(Beginning of Study material)
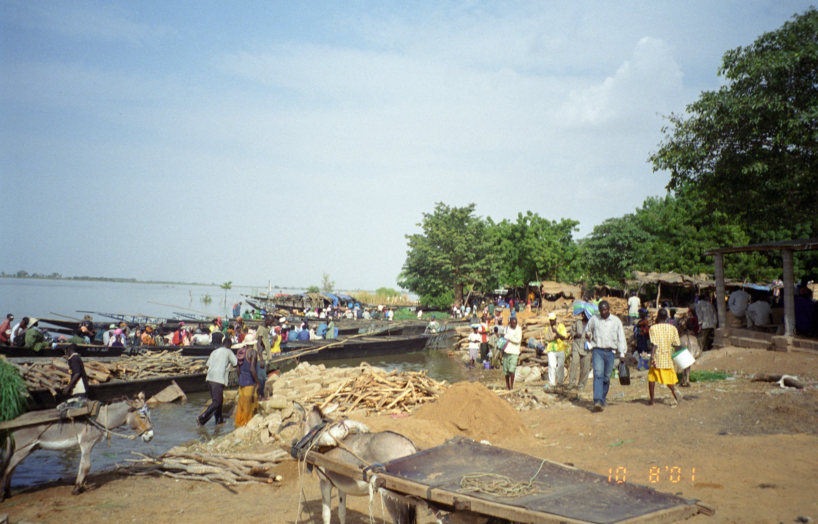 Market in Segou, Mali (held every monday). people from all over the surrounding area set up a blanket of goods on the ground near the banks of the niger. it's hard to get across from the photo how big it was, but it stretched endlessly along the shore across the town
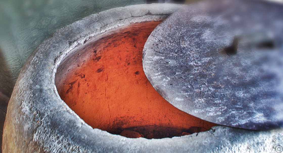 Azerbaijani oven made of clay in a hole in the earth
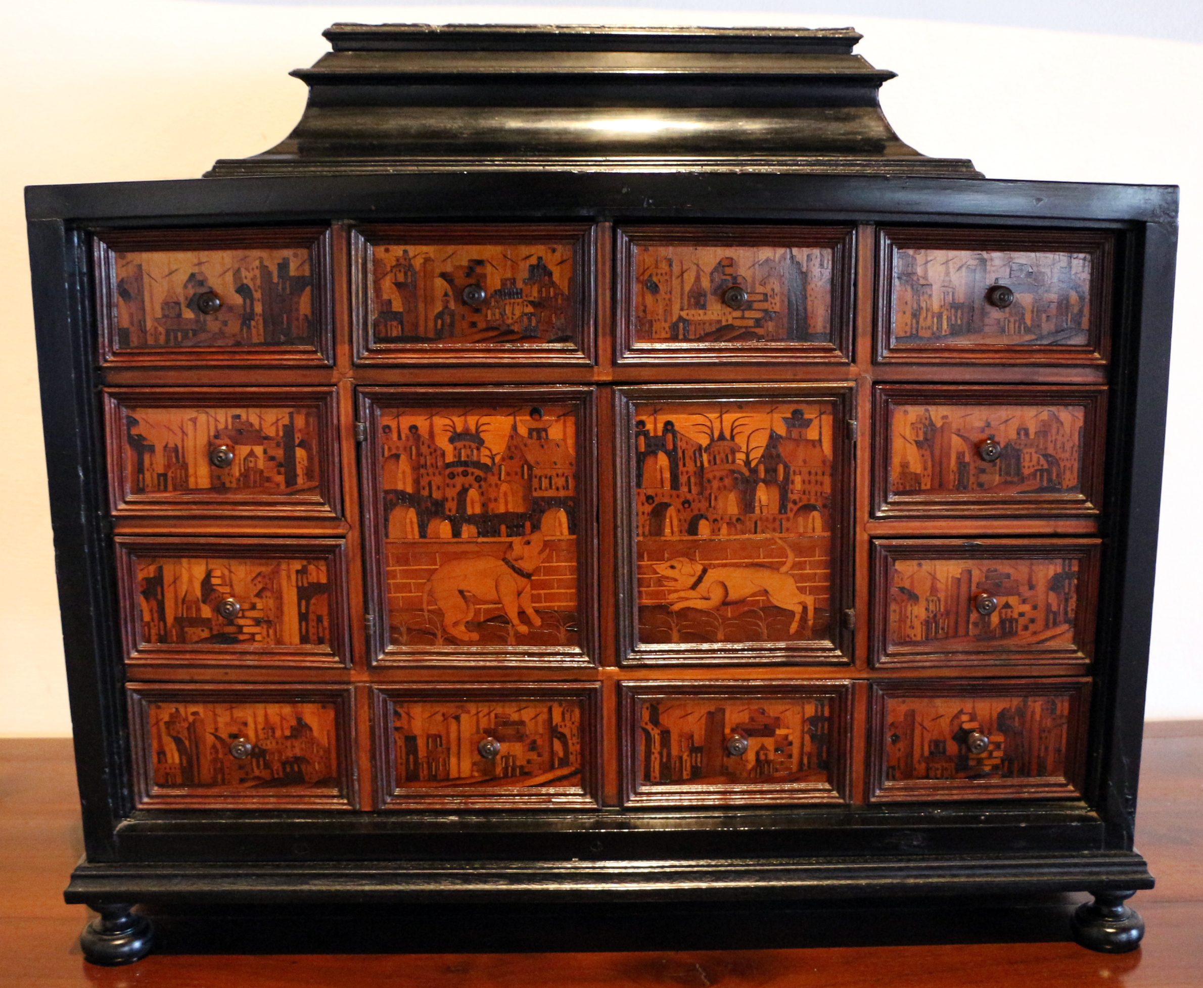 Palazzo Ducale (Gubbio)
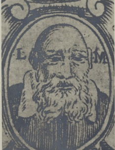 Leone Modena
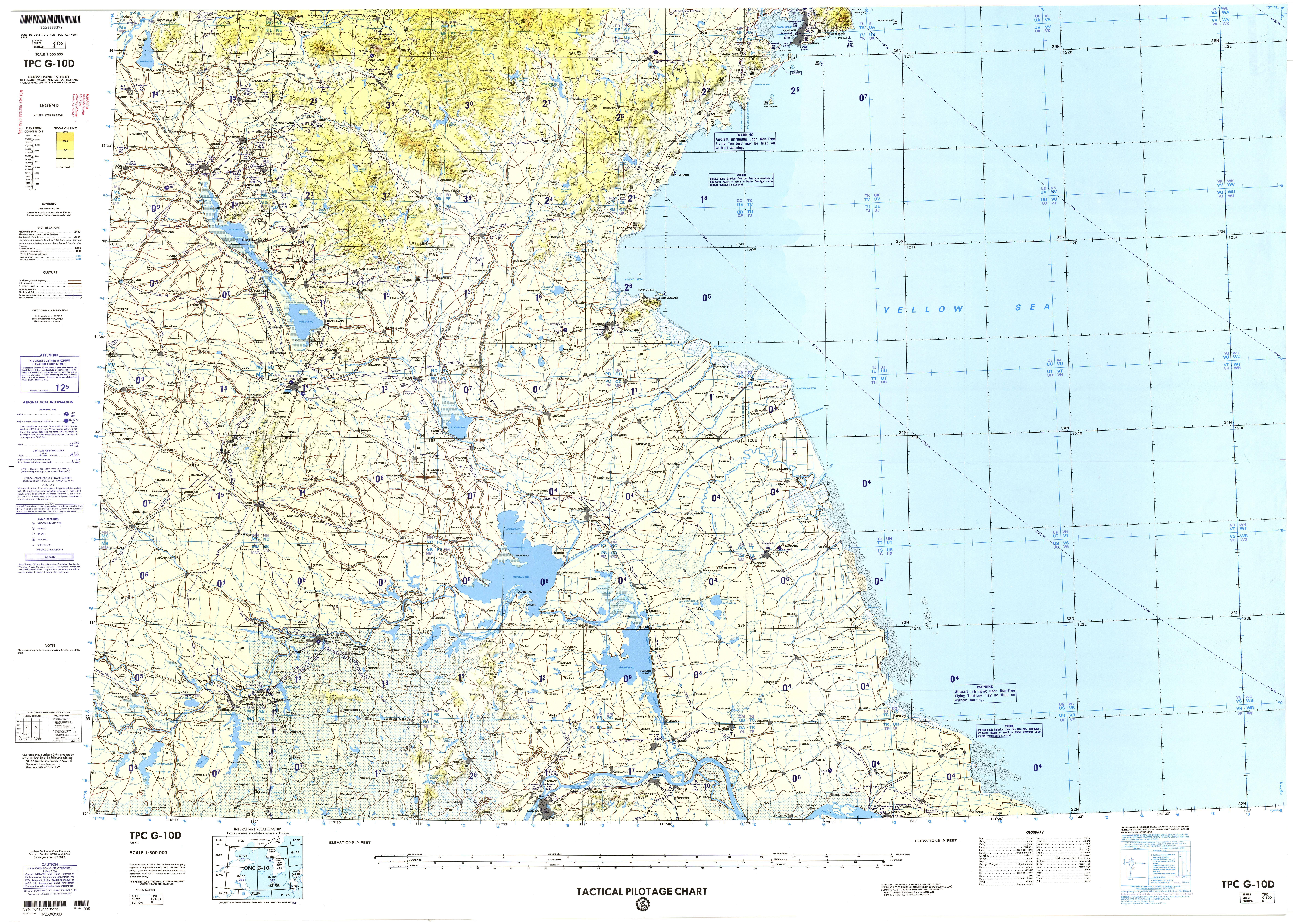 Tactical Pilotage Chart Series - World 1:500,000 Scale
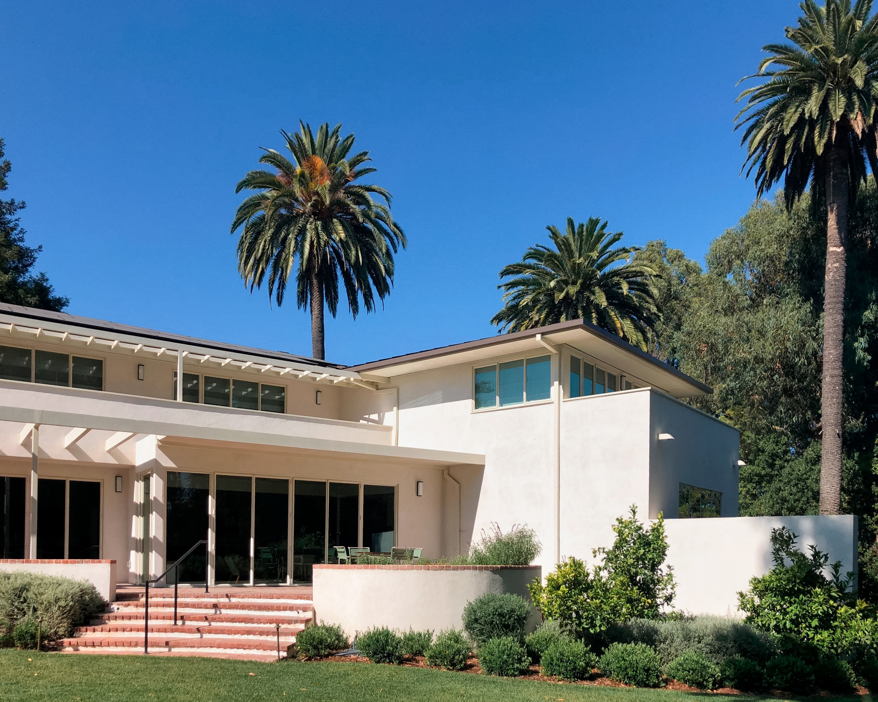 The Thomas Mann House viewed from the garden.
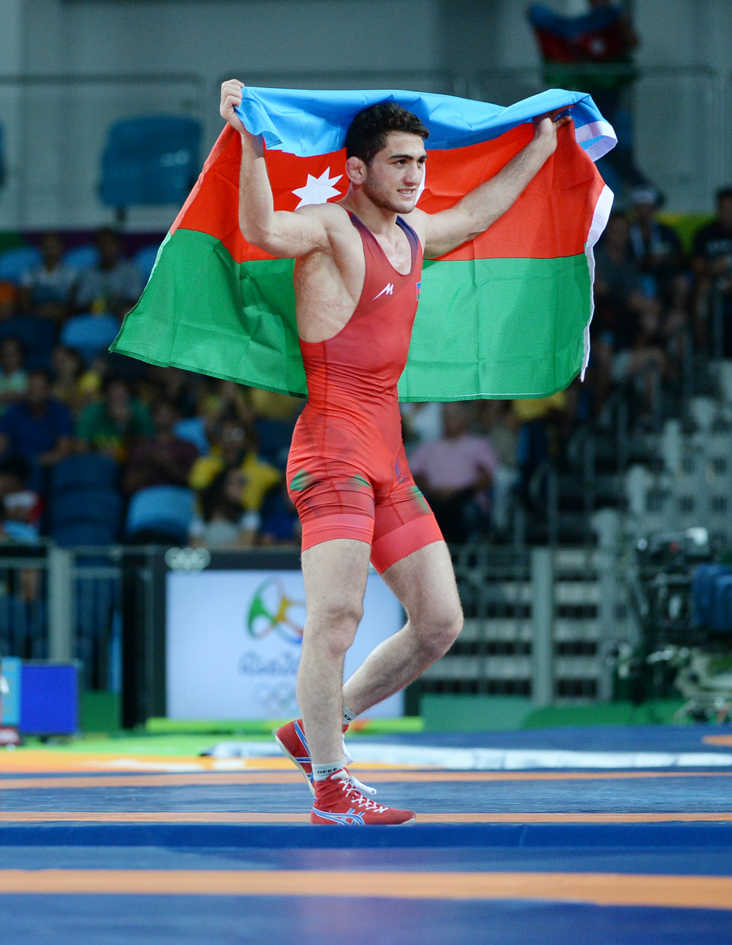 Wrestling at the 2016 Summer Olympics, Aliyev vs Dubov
(End of Study material)
(Beginning of Study material)
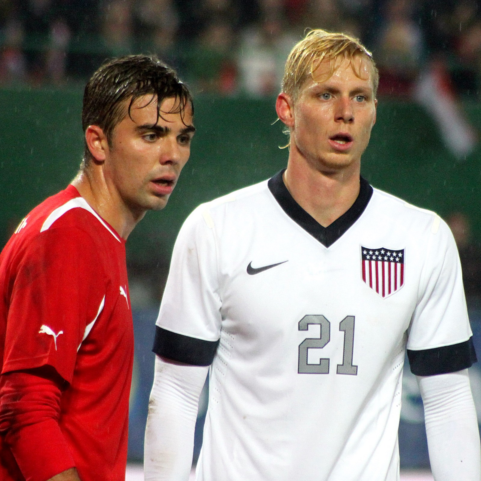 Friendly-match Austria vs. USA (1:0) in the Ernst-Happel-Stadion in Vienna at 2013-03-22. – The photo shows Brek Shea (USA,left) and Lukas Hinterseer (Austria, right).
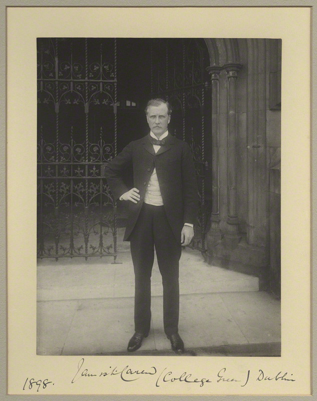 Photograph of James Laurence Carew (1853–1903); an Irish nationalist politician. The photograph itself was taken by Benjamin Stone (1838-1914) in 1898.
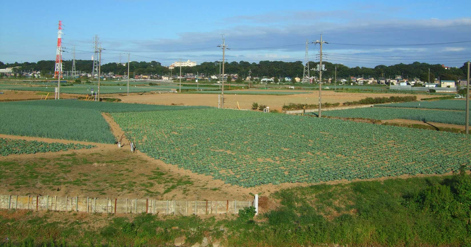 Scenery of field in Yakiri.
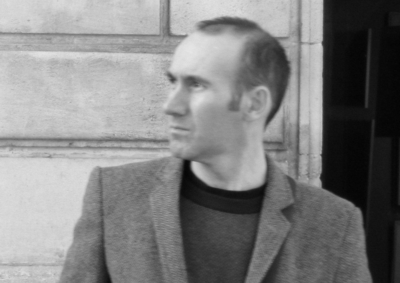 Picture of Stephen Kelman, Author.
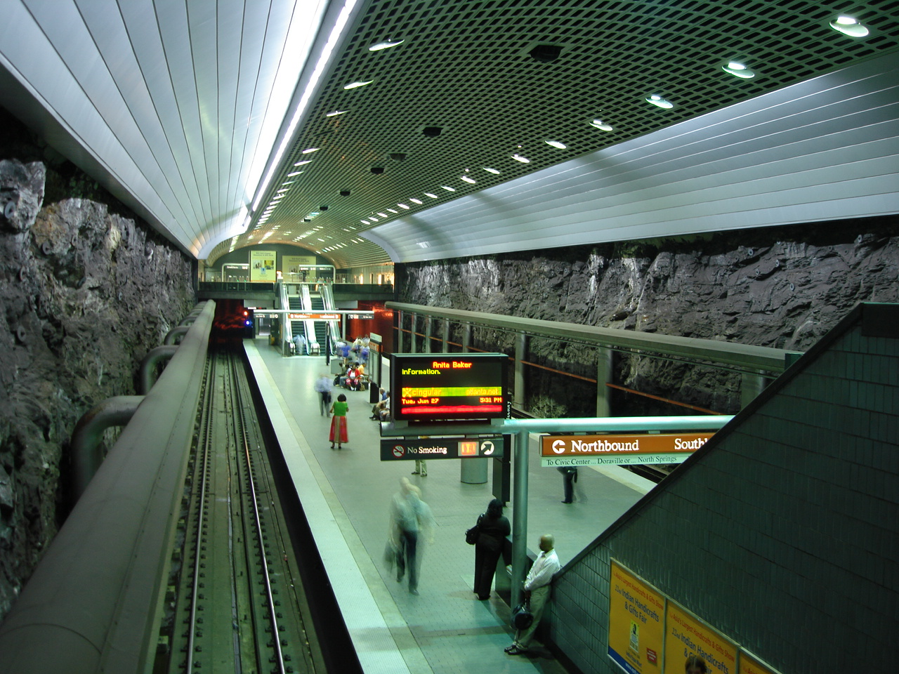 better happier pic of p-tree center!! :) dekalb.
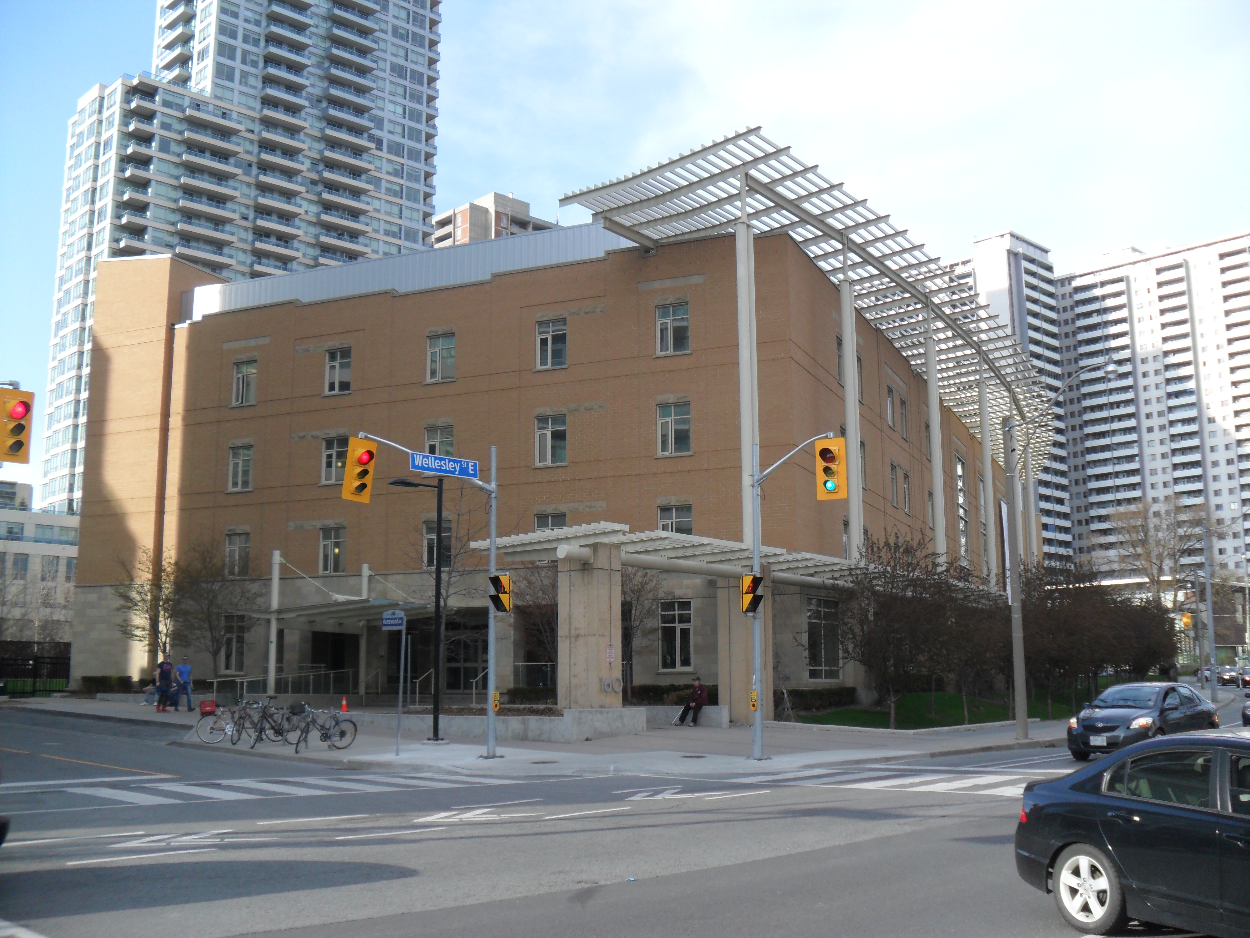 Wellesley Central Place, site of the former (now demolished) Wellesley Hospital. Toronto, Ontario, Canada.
(End of Study material)
What you are asked to do> Skip every picture, and restate word for word only the lines above from the line containing "Market in Segou, Mali" to the line containing "Wrestling at the", both of them included.

Exercise output>
 Market in Segou, Mali (held every monday). people from all over the surrounding area set up a blanket of goods on the ground near the banks of the niger. it's hard to get across from the photo how big it was, but it stretched endlessly along the shore across the town
 Azerbaijani oven made of clay in a hole in the earth
 Palazzo Ducale (Gubbio)
 Leone Modena
 Tactical Pilotage Chart Series - World 1:500,000 Scale
 The Thomas Mann House viewed from the garden.
 Wrestling at the 2016 Summer Olympics, Aliyev vs Dubov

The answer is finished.